Assume you need to store/retrieve items in a Collection, don't care about ordering, and duplicates are allowed, what type of Collection do you use?
By default, I've always used ArrayList, but I remember reading/hearing somewhere that a Queue implementation may be a better choice. A List allows items to be added/retrieved/removed at arbitrary positions, which incurs a performance penalty. As a Queue does not provide this facility it should in theory be faster when this facility is not required.
I realise that all discussions about performance are somewhat meaningless, the only thing that really matters is measurement. Nevertheless, I'm interested to know what others use for a Collection, when they don't care about ordering, and duplicates are allowed, and why?
"It depends". The question you really need to answer first is "What do I want to use the collection for?"
If you often insert / remove items on one of the ends (beginning, end) a Queue will be better than a ArrayList. However in many cases you create a Collection in order to just read from it. In this case a ArrayList is far more efficient: As it is implemented as an array, you can iterate over it quite efficient (same applies for a LinkedList). However a LinkedList uses references to link single items together. So if you do not need random removals of items (in the middle), a ArrayList is better: An ArrayList will use less memory as the items don't need the storage for the reference to the next/prev item.
To sum it up:
ArrayList = good if you insert once and read often (random access or sequential)
LinkedList = good if you insert/remove often at random positions and read only sequential
ArrayDeque (java6 only) = good if you insert/remove at start/end and read random or sequential
As a default, I tend to prefer LinkedList to ArrayList. Obviously, I use them not through the List interface, but rather through the Collection interface.

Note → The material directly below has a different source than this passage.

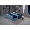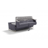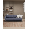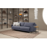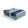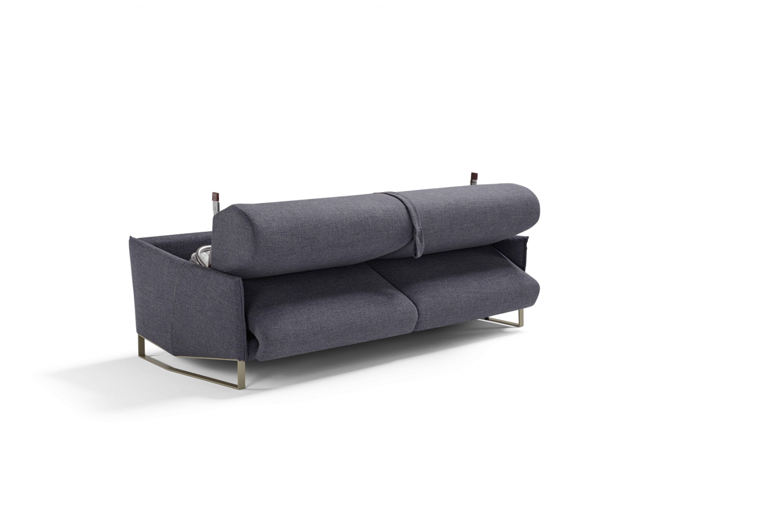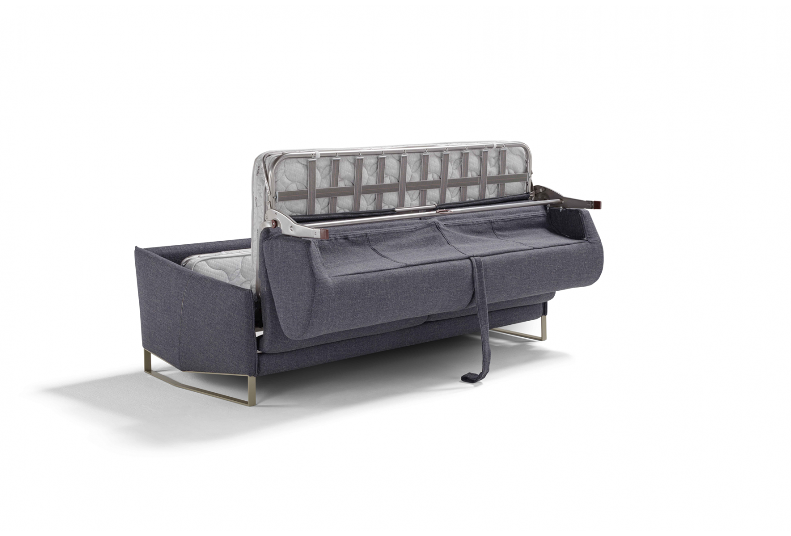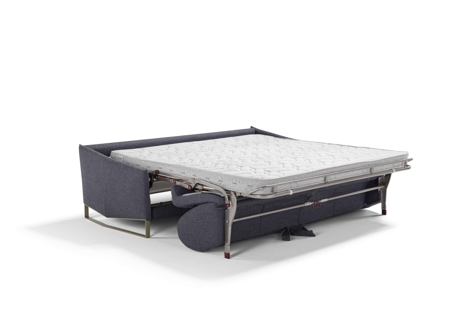 Rozkládací pohovka. Mechanismus: standardní kovový rošt. Konstrukce: smíšené dřevo (překližka a masivní dřevo) Standardní matrace: strečový polyuretan, hl.30 h 13 cm. Hustota sedáku: horní část 50 kg/m3 paměťová pěna, spodní část 30 kg/m3. Hustota opěradla: 25 kg/m3. Nohy: H 13 cm, dostupné v různých kovových povrchových úpravách. Volitelně: matrace, dřevěné rošty. Čalounění: kompletně snímatelný potah. Dva polštáře Model D24 ve stejné barvě a kategorii jako pohovka. K dispozici ve verzi bez postele.

Over the time, I've indeed found out that when I need a generic collection, it's more or less to put some things in, then iterate over it. If I need more evolved behaviour (say random access, sorting or unicity checks), I will then maybe change the used implementation, but before that I will change the used interface to the most appropriated. This way, I can ensure feature is provided before to concentrate on optimization and implementation.
ArrayList basicly contains an array inside (that's why it is called ArrayList). And operations like addd/remove at arbitrary positions are done in a straightforward way, so if you don't use them - there is no harm to performance.
If ordering and duplicates is not a problem and case is only for storing,
I use ArrayList, As it implements all the list operations. Never felt any performance issues with these operations (Never impacted my projects either). Actually using these operations have simple usage & I don't need to care how its managed internally.
Only if multiple threads will be accessing this list I use Vector because its methods are synchronized.
Also ArrayList and Vector are collections which you learn first :).
It depends on what you know about it.
If I have no clue, I tend to go for a linked list, since the penalty for adding/removing at the end is constant. If I have a rough idea of the maximum size of it, I go for an arraylist with the capacity specified, because it is faster if the estimation is good. If I really know the exact size I tend to go for a normal array; although that isn't really a collection type.
I realise that all discussions about performance are somewhat meaningless, the only thing that really matters is measurement.
That's not necessarily true.
If your knowledge of how the application is going to work tells you that certain collections are going to be very large, then it is a good idea to pick the right collection type. But the right collection type depends crucially on how the collections are going to be used; i.e. on the algorithms.
For example, if your application is likely to be dominated by testing if a collection holds a given object, the fact that Collection.contains(Object) is O(N) for both LinkedList<T> and ArrayList<T> might mean that neither is an appropriate collection type. Instead, maybe you should represent the collection as a HashMap<T, Integer>, where the Integer represents the number of occurrences of a T in the "collection". That will give you O(1) testing and removal, at the cost of more space overheads and slower (though still O(1)) insertion.
But the thing to stress is that if you are likely to be dealing with really large collections, there should be no such thing as a "default" collection type. You need to think about the collection in the context of the algorithms. (And the flip side is that if the collections are always going to be small, it probably makes little difference which collection type you pick.)
What is the need of Collection framework in Java since all the data operations(sorting/adding/deleting) are possible with Arrays and moreover array is suitable for memory consumption and performance is also better compared with Collections.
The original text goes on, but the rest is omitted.